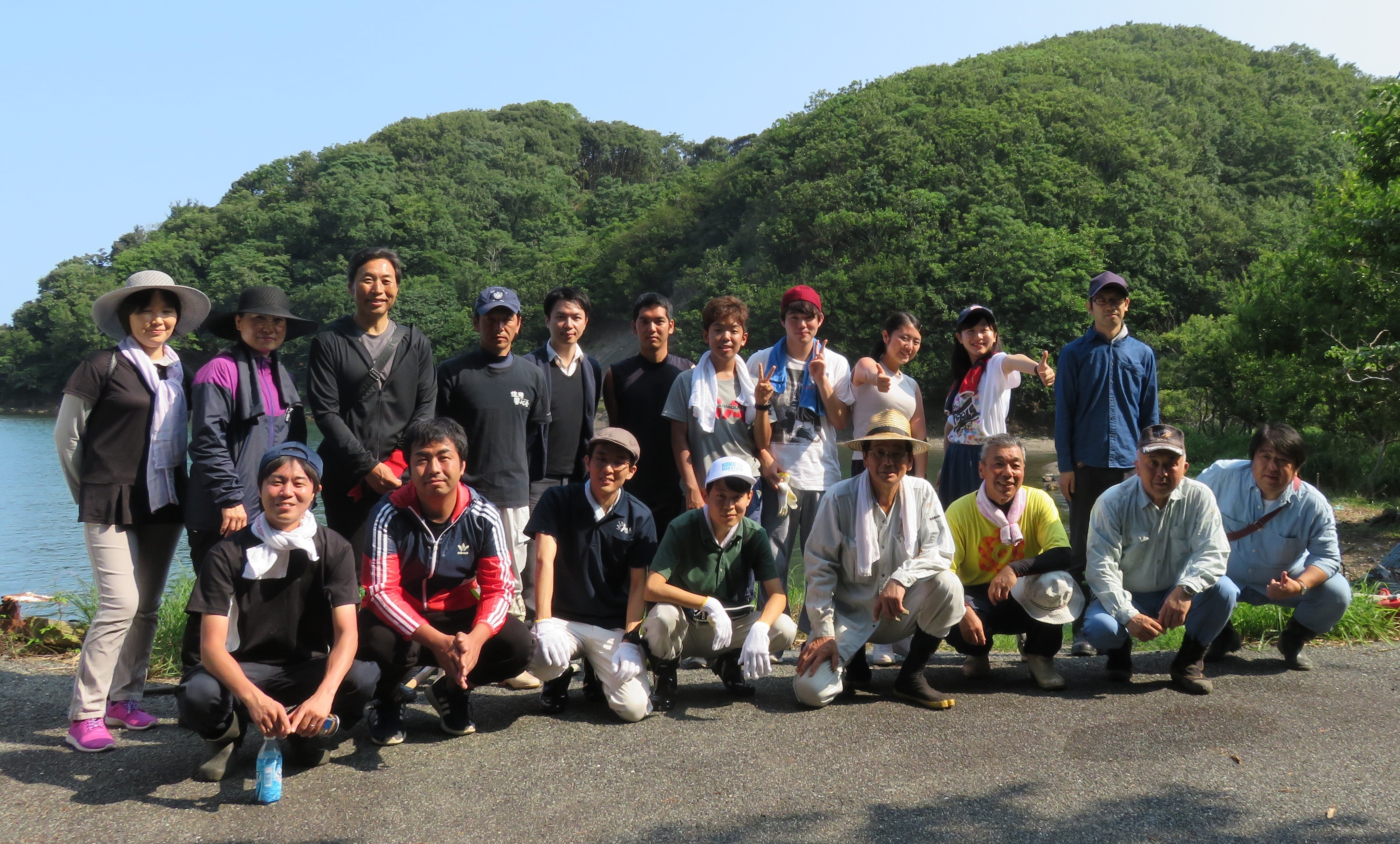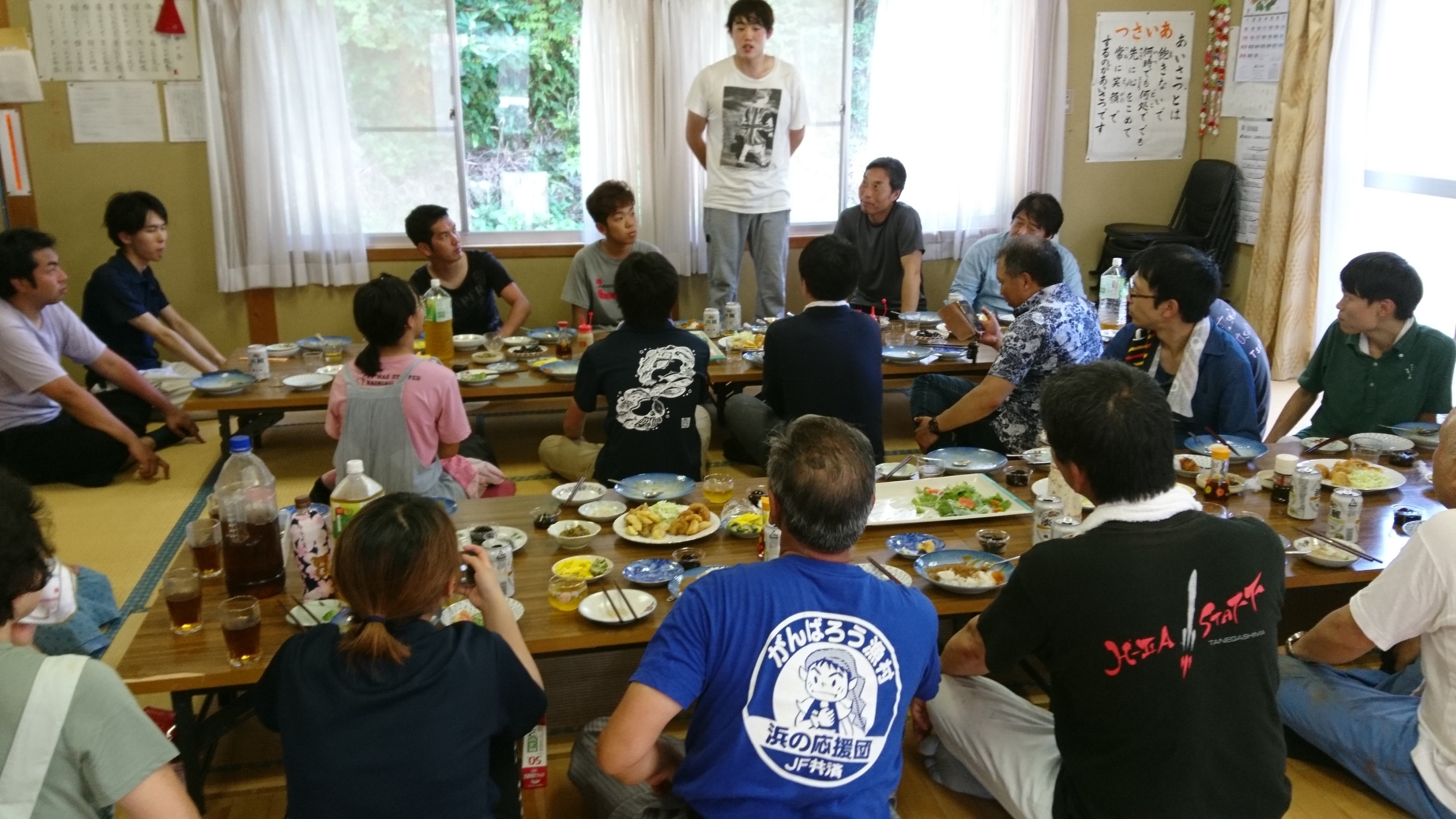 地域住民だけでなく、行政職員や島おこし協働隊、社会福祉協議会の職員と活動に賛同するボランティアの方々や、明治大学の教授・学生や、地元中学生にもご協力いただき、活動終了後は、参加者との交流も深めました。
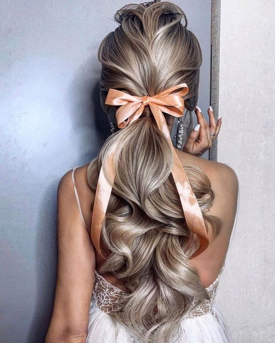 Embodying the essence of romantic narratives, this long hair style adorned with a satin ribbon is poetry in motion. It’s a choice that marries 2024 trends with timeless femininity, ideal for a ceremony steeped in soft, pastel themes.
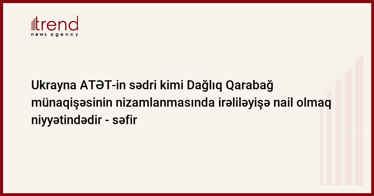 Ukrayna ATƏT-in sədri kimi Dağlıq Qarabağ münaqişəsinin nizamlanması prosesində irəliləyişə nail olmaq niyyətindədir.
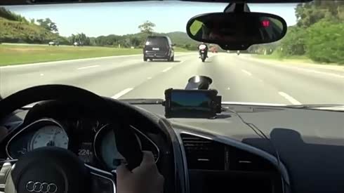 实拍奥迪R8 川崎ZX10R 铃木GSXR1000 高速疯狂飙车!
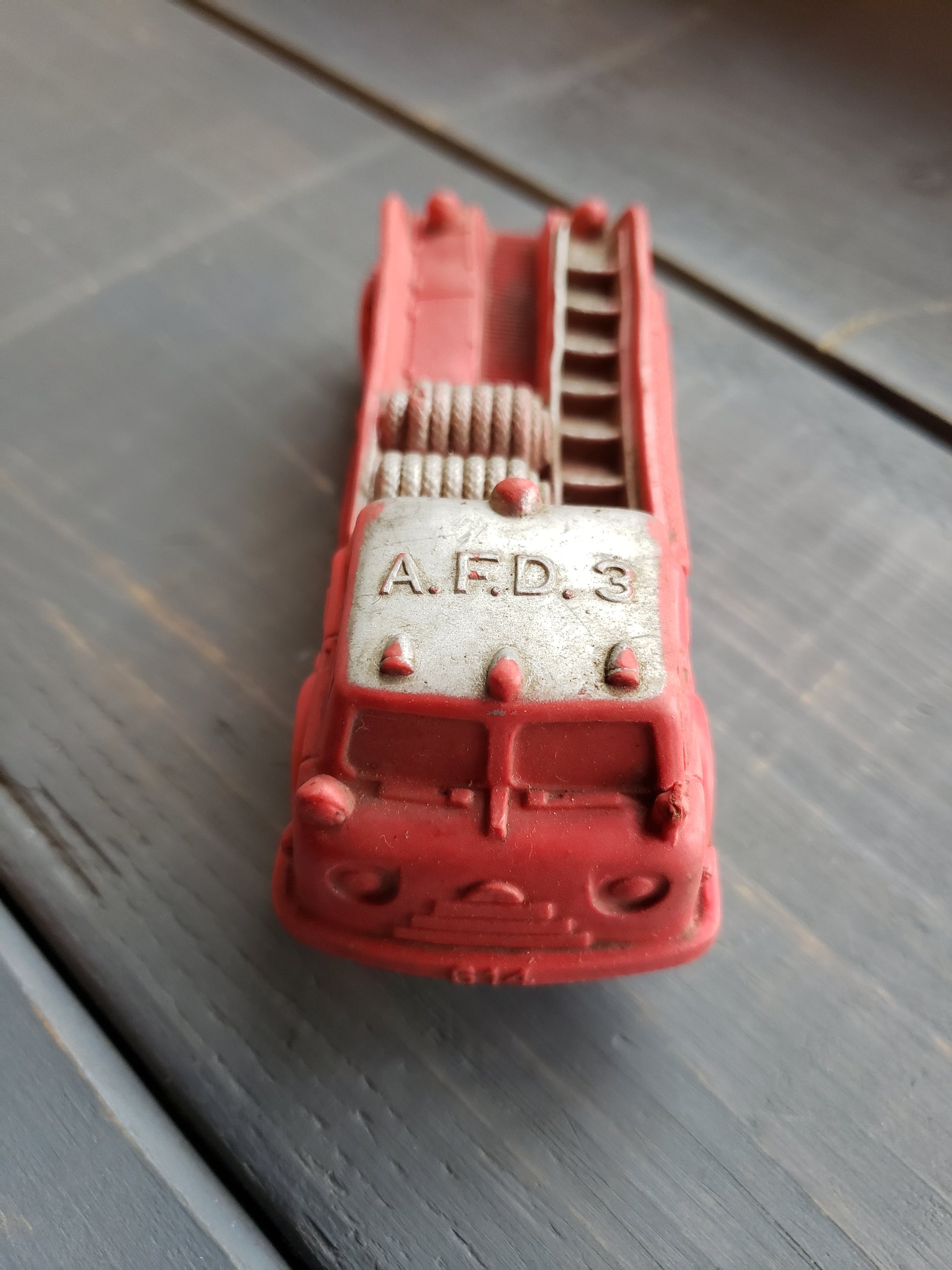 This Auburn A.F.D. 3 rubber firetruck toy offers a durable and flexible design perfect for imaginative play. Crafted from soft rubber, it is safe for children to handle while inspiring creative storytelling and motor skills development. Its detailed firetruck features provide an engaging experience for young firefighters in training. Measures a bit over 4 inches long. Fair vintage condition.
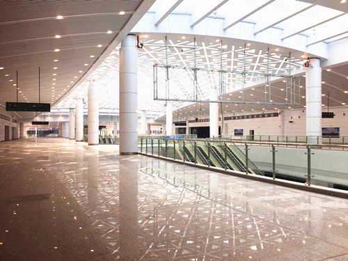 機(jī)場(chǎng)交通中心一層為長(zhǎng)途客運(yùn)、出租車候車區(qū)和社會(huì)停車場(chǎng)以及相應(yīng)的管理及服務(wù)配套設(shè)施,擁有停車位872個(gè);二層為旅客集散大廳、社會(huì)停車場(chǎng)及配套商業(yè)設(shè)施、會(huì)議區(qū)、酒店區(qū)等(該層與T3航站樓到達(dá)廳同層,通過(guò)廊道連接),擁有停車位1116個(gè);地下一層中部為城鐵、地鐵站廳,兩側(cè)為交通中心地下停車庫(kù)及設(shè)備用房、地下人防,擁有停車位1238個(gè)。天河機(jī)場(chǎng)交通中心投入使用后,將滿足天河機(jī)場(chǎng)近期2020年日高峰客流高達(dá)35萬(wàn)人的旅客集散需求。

■ **DESCRIPTION OF THE TASK**
Quote, please, every line of the material above from its start through the line that has "This Auburn A.F.D.", reproducing the words exactly and dropping any images.

■ **EXERCISE ANSWER**
 地域住民だけでなく、行政職員や島おこし協働隊、社会福祉協議会の職員と活動に賛同するボランティアの方々や、明治大学の教授・学生や、地元中学生にもご協力いただき、活動終了後は、参加者との交流も深めました。
 Embodying the essence of romantic narratives, this long hair style adorned with a satin ribbon is poetry in motion. It’s a choice that marries 2024 trends with timeless femininity, ideal for a ceremony steeped in soft, pastel themes.
 Ukrayna ATƏT-in sədri kimi Dağlıq Qarabağ münaqişəsinin nizamlanması prosesində irəliləyişə nail olmaq niyyətindədir.
 实拍奥迪R8 川崎ZX10R 铃木GSXR1000 高速疯狂飙车!
 This Auburn A.F.D. 3 rubber firetruck toy offers a durable and flexible design perfect for imaginative play. Crafted from soft rubber, it is safe for children to handle while inspiring creative storytelling and motor skills development. Its detailed firetruck features provide an engaging experience for young firefighters in training. Measures a bit over 4 inches long. Fair vintage condition.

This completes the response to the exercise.